Given data.

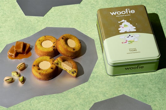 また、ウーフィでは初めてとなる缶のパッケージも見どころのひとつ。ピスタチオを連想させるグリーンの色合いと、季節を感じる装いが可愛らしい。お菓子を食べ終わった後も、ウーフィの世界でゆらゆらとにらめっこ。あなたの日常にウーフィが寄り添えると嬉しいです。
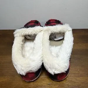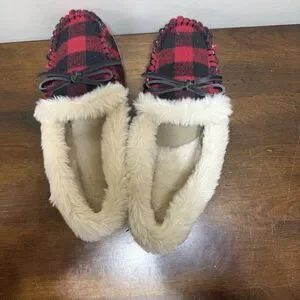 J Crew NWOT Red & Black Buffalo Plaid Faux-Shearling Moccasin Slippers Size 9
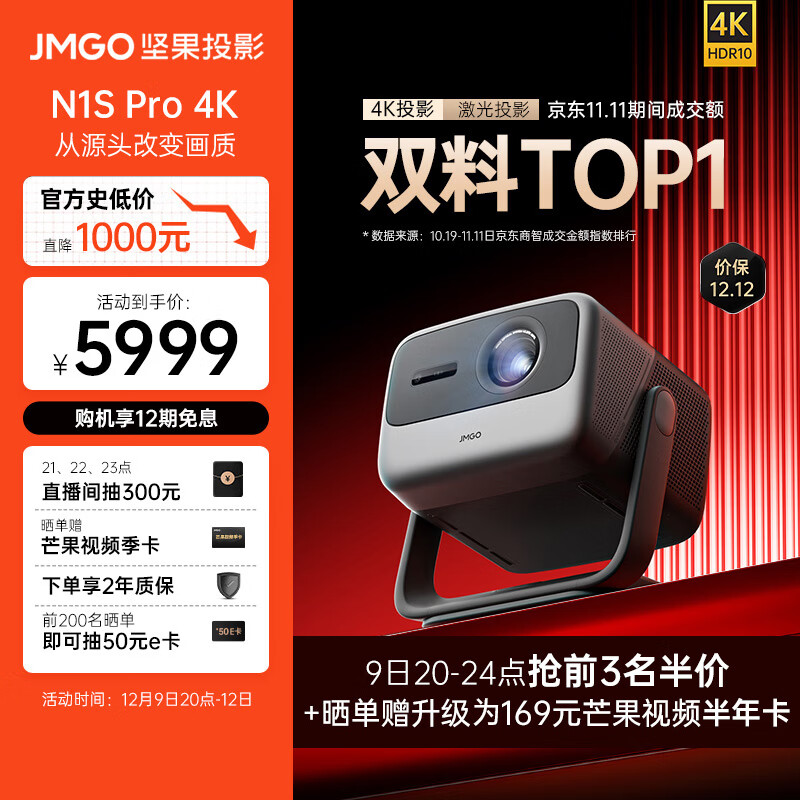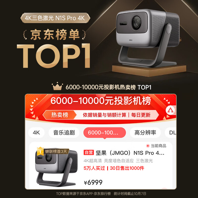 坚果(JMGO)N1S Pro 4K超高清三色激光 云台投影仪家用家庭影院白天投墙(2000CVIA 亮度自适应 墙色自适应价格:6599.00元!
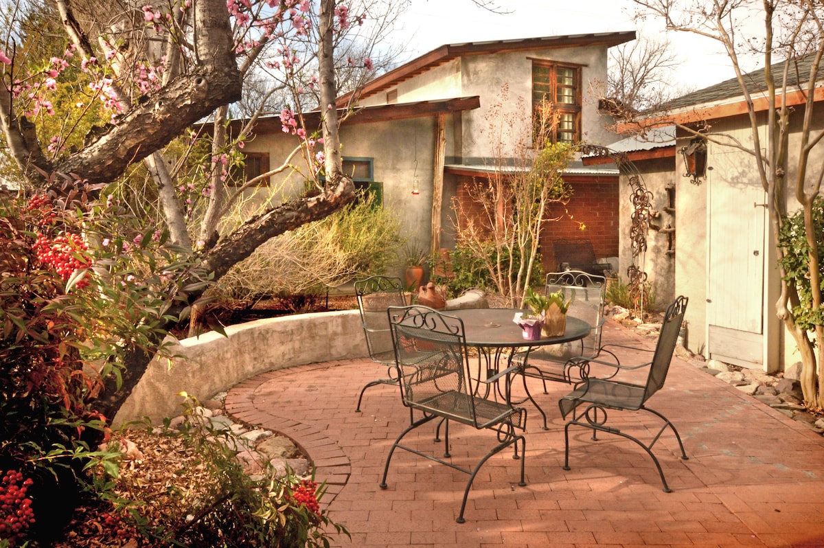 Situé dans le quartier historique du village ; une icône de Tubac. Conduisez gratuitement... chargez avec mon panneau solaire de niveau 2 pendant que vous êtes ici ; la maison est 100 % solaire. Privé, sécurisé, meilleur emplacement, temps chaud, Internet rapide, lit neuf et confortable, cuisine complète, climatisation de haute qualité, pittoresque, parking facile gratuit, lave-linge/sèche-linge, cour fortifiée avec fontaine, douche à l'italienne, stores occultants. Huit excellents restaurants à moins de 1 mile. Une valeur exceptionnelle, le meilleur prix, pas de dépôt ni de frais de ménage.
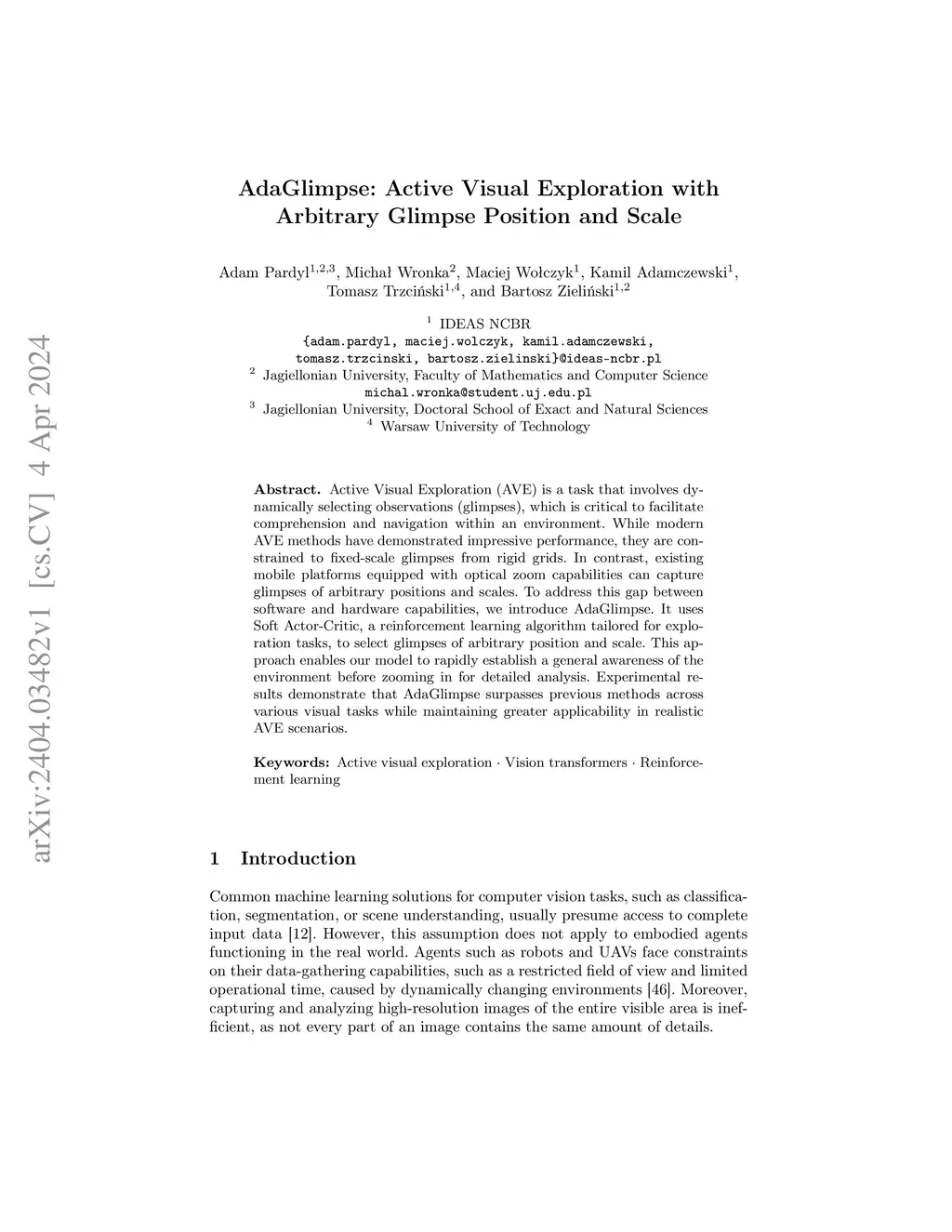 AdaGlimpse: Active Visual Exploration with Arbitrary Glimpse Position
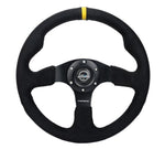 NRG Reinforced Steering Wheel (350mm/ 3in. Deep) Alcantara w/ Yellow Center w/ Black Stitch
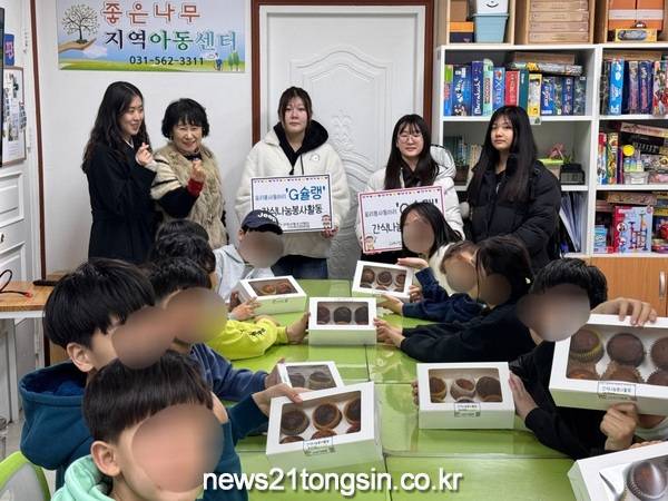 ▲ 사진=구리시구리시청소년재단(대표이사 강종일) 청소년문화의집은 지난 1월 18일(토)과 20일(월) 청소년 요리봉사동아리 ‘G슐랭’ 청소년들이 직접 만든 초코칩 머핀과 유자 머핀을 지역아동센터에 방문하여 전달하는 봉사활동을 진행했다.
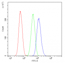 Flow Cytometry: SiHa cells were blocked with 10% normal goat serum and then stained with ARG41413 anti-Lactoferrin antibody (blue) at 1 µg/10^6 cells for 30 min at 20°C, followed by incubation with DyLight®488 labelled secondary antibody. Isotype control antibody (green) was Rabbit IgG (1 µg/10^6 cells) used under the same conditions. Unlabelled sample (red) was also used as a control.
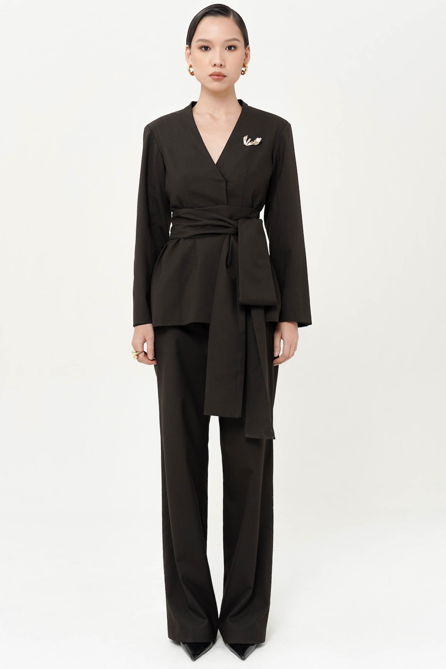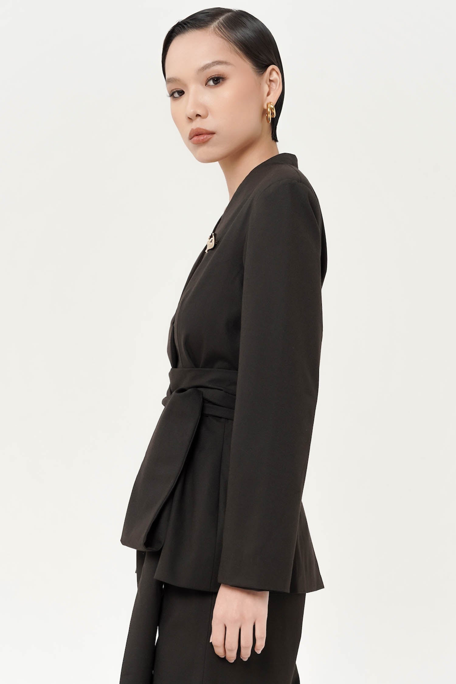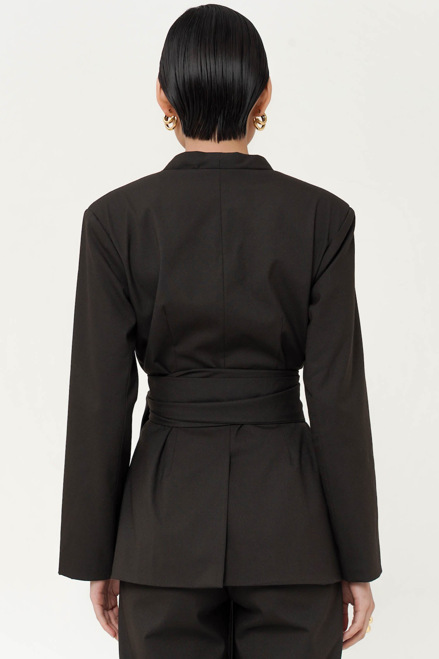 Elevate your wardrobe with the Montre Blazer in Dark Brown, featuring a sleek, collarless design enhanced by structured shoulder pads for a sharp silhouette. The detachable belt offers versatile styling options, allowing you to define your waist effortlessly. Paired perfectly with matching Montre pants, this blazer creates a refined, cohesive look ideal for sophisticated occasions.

Exercise directions. Every line from the one containing "전달하는 봉사활동을 진행했다." to the end of the material above is to be returned exactly, with the pictures left out.

Solution for this problem.
 ▲ 사진=구리시구리시청소년재단(대표이사 강종일) 청소년문화의집은 지난 1월 18일(토)과 20일(월) 청소년 요리봉사동아리 ‘G슐랭’ 청소년들이 직접 만든 초코칩 머핀과 유자 머핀을 지역아동센터에 방문하여 전달하는 봉사활동을 진행했다.
 Flow Cytometry: SiHa cells were blocked with 10% normal goat serum and then stained with ARG41413 anti-Lactoferrin antibody (blue) at 1 µg/10^6 cells for 30 min at 20°C, followed by incubation with DyLight®488 labelled secondary antibody. Isotype control antibody (green) was Rabbit IgG (1 µg/10^6 cells) used under the same conditions. Unlabelled sample (red) was also used as a control.
 Elevate your wardrobe with the Montre Blazer in Dark Brown, featuring a sleek, collarless design enhanced by structured shoulder pads for a sharp silhouette. The detachable belt offers versatile styling options, allowing you to define your waist effortlessly. Paired perfectly with matching Montre pants, this blazer creates a refined, cohesive look ideal for sophisticated occasions.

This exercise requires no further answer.